** Opening The records block **

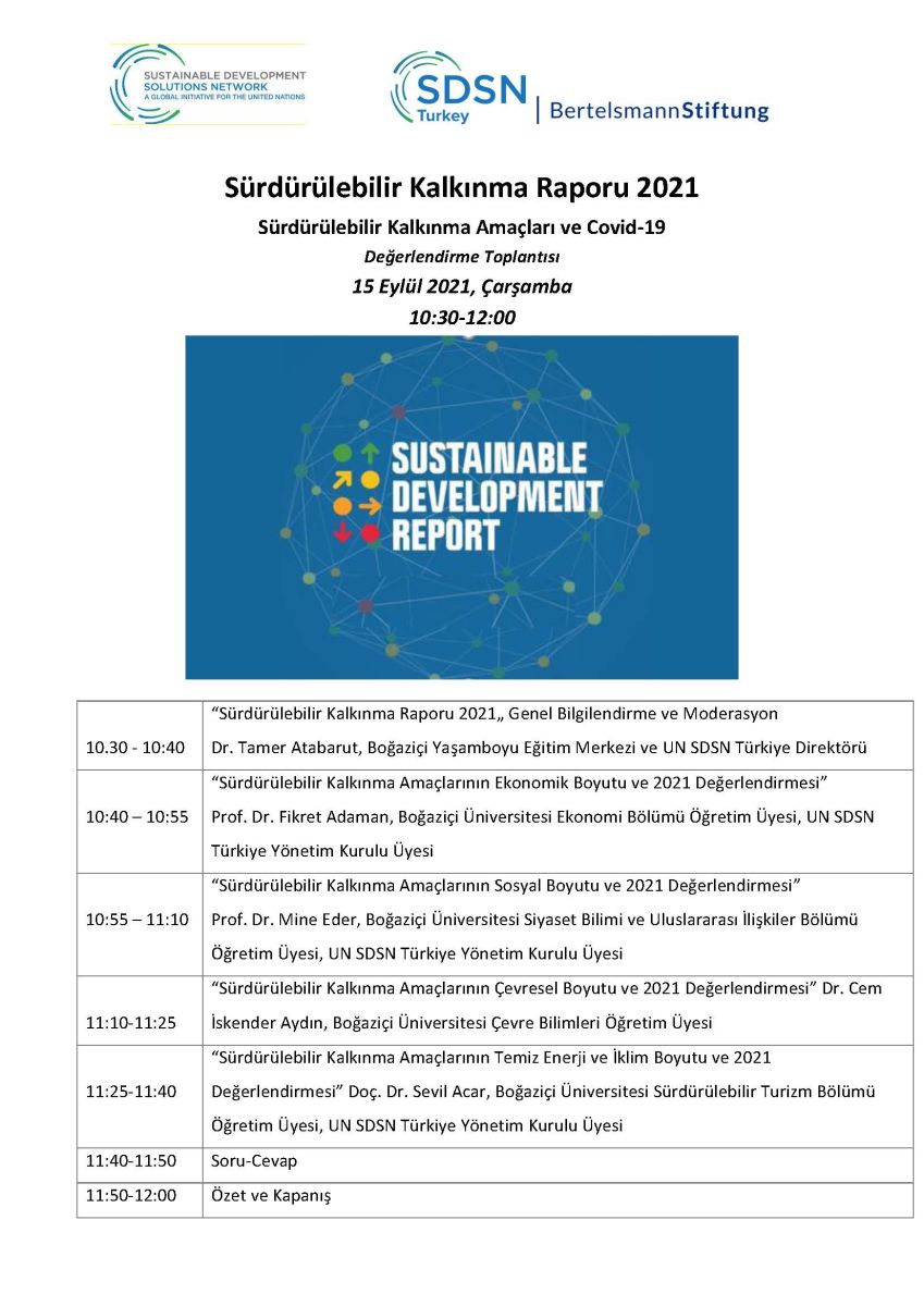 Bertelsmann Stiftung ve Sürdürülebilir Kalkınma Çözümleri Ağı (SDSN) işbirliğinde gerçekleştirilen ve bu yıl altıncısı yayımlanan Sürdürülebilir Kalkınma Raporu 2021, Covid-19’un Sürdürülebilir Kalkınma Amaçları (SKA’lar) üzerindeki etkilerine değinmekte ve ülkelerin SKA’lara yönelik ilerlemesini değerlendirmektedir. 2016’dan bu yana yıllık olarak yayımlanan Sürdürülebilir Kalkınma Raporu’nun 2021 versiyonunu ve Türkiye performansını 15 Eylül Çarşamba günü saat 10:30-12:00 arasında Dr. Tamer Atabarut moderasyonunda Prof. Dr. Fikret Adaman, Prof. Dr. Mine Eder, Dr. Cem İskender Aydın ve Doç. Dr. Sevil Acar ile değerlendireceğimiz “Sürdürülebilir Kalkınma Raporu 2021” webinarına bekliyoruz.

** Closing The records block **
** Opening The records block **

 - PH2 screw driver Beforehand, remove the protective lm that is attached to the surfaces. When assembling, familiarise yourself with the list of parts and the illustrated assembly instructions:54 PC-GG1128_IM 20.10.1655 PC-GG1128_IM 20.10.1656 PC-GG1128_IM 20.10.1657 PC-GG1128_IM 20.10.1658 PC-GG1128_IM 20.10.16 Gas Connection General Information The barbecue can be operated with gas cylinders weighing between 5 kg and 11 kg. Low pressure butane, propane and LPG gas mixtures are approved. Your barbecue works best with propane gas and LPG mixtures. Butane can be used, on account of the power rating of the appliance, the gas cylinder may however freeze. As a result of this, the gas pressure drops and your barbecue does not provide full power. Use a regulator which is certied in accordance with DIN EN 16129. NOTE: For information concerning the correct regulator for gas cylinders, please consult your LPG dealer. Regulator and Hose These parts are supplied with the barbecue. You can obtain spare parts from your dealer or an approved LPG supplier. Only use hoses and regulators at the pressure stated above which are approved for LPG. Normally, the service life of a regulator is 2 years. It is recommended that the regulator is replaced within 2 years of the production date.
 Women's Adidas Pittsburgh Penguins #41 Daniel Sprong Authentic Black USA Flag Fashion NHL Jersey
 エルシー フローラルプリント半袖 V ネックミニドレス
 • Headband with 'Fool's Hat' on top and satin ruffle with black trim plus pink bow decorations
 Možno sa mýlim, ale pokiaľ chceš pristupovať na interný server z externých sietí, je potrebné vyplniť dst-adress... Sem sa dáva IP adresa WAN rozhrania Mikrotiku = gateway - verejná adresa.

** Closing The records block **
** Opening The records block **

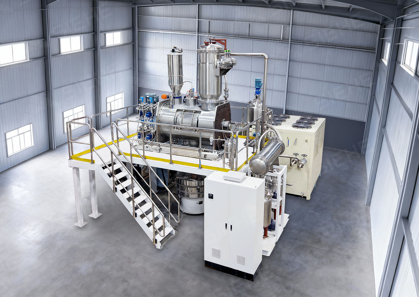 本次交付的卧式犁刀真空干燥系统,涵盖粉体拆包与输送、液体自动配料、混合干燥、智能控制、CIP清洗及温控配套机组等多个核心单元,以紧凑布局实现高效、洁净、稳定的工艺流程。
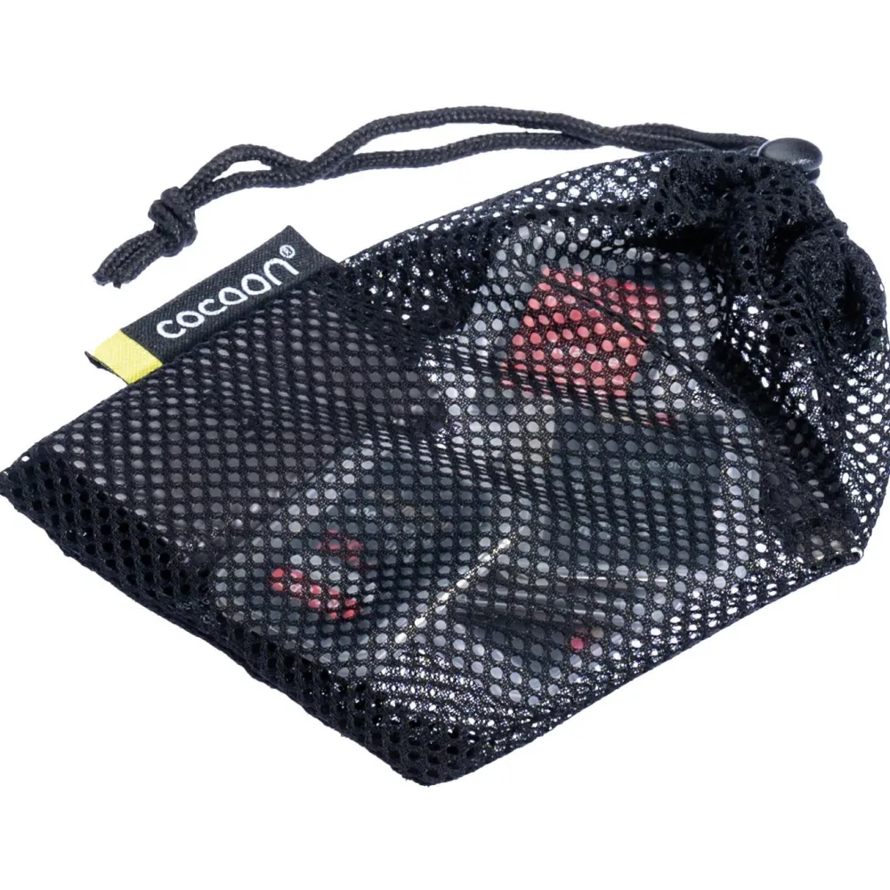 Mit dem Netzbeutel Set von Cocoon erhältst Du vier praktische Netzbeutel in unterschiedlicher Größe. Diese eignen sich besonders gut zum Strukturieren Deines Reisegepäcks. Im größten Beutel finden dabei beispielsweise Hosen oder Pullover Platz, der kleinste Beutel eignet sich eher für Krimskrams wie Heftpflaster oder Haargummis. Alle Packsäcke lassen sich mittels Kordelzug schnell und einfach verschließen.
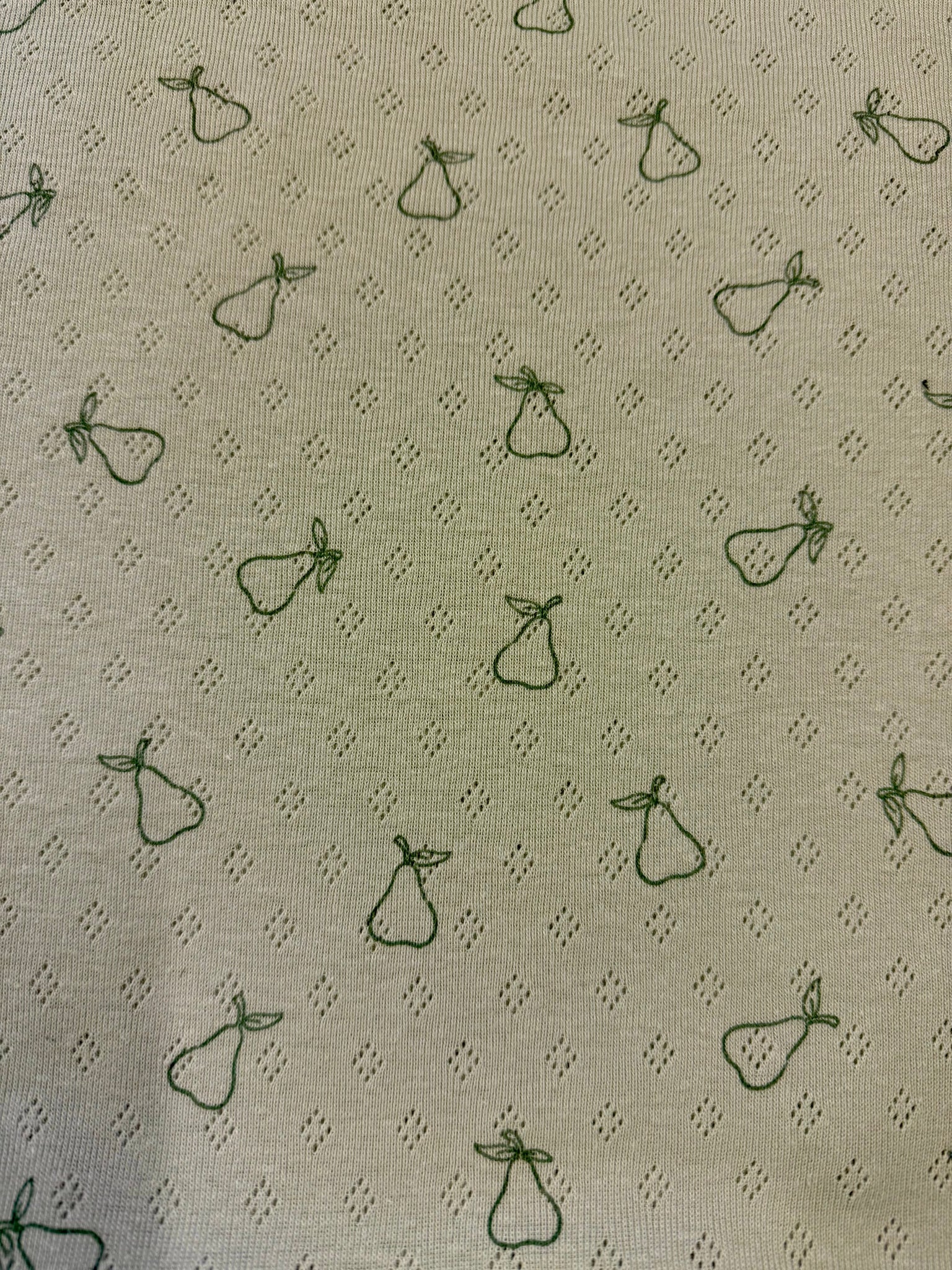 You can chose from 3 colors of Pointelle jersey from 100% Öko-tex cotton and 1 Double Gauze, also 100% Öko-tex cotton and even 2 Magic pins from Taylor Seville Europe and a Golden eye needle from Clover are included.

** Closing The records block **

__Task requirements__: Word for word, restate the lines above from the line containing "エルシー フローラルプリント半袖 V ネックミニドレス" through the line containing "Možno sa mýlim, ale", with both included and nothing else.

__Solution to the exercise__:
 エルシー フローラルプリント半袖 V ネックミニドレス
 • Headband with 'Fool's Hat' on top and satin ruffle with black trim plus pink bow decorations
 Možno sa mýlim, ale pokiaľ chceš pristupovať na interný server z externých sietí, je potrebné vyplniť dst-adress... Sem sa dáva IP adresa WAN rozhrania Mikrotiku = gateway - verejná adresa.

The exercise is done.